Proportional AI Governance
Sharna Quirke, Chief Strategy Officer explores the proportionality of governance

The way you use AI should determine how you govern it!!
Hang on… what?? That’s not what everyone else is saying……
This post is written in response to a comment a few weeks ago challenging the onerous nature of AI governance for smaller organisations. It stuck with me, because I see both sides of it.

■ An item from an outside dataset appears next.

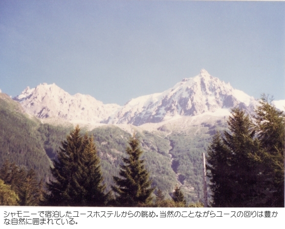 シャモニーはヨーロッパアルプスの最高峰のモンブランの麓の町で、登山とスキーのリゾート地で世界中から観光客が集まるところ。この町でも私はユースホステルを利用した。そこで一人の日本人に会ったわけだが、彼はスペインで荷物を全て盗まれてしまったが、パスポートやお金は無事だったので何とか旅行は続けられているということであった。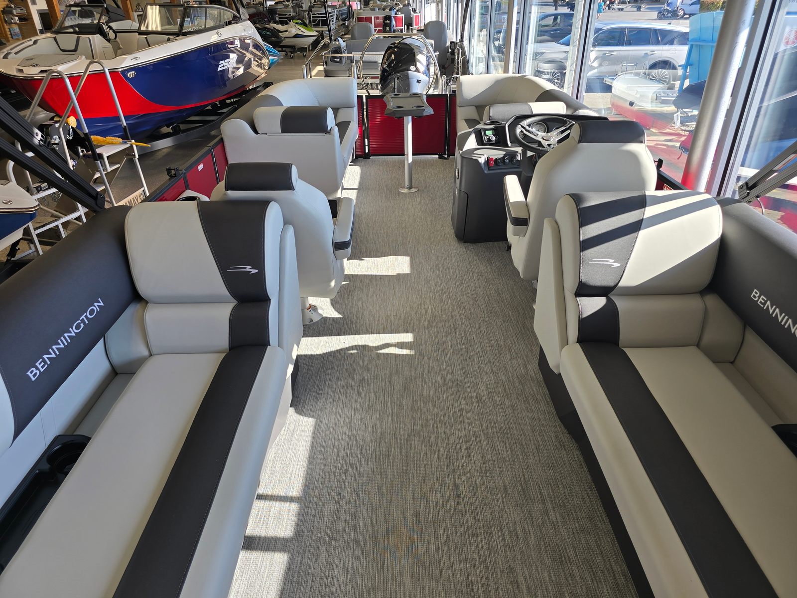 Beyond its impressive style and performance, the Bennington 22 SSR SPS offers a range of practical benefits that make ownership a breeze. The efficient Yamaha F150XD engine provides excellent fuel economy, allowing you to spend more time on the water and less time at the pump. The sturdy construction and quality materials ensure durability and low maintenance, so you can focus on enjoying your boat rather than worrying about upkeep.Docking and maneuvering are made simple thanks to the responsive handling and thoughtfully designed layout. The ski tow bar adds versatility, making it easy to switch from cruising to watersports in seconds. The spacious deck offers plenty of room for coolers, gear, and water toys, while the Bimini top provides essential shade and protection from the elements.

Right now I’m working with a large public sector organisation making decisions that directly affect people’s lives, using sensitive personal data. They are not new to AI. They have piloted Copilot, put a policy in place, and built awareness.

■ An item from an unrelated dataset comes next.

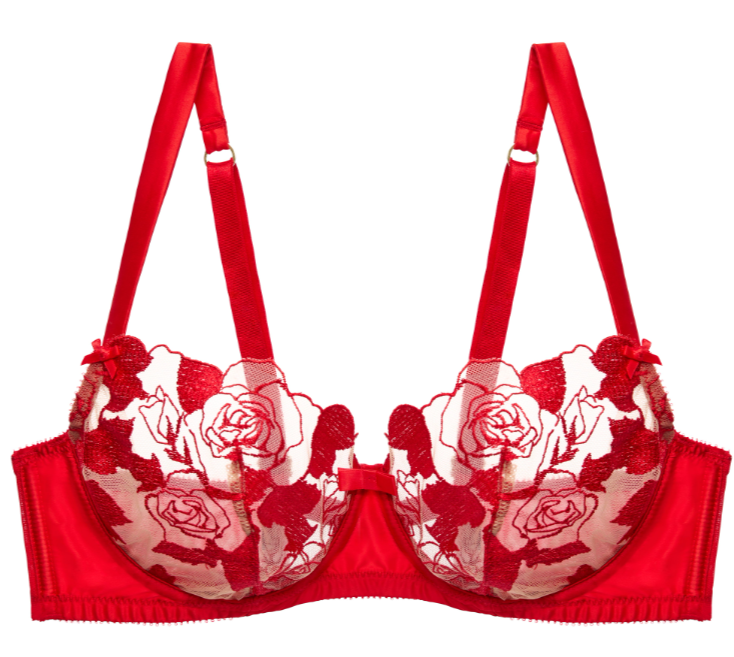 Rosabelle bra is underwired, sheer cup embroidered bra with dramatic detailing. A sheer support sling in the bra cup ensures lift and shape without bulk. Satin straps and ribbon trims.

But now they want to build their own AI solutions. This is a significant shift which is why they got me in to set up an approach to governance that would enable this to happen responsibly. This is the point where governance stops being a ‘policy document’ and becomes something real.
What has been interesting is that we have not started with structure or documentation. I have not just 'rolled out' our framework and IP to say this is how all governance should be.
We have started with decisions.....
-Who needs to decide what.
-What carries real risk.
-Where accountability sits when something goes wrong.
Only after that do roles and processes start to make sense.
And this is where the original comment comes in. For an organisation of this size and risk profile, you do need defined oversight and clear accountability. There is no way around that. But that does not mean everyone needs the same model or, that that there is a single solution.
If you are a smaller organisation, copying this approach will likely create more friction than value. More roles, more meetings, more process. Not necessarily better outcomes.
You do not need to create five new job functions to use AI responsibly.
-You need clarity on ownership.
-A simple way to make decisions.
-And access to the right expertise when it matters.
Sometimes that is not a full team. It might be an advisor you can call on when needed ( 😜 ).
So the point is not that governance should be light or heavy or one single design. It should be proportionate. Designed around what you are actually doing with AI, the level of risk you carry, and the decisions you are making. And, if that changes, so too should your governance. Get that right and governance enables progress.
Get it wrong and you either slow yourself down or create the illusion of control without the reality of it.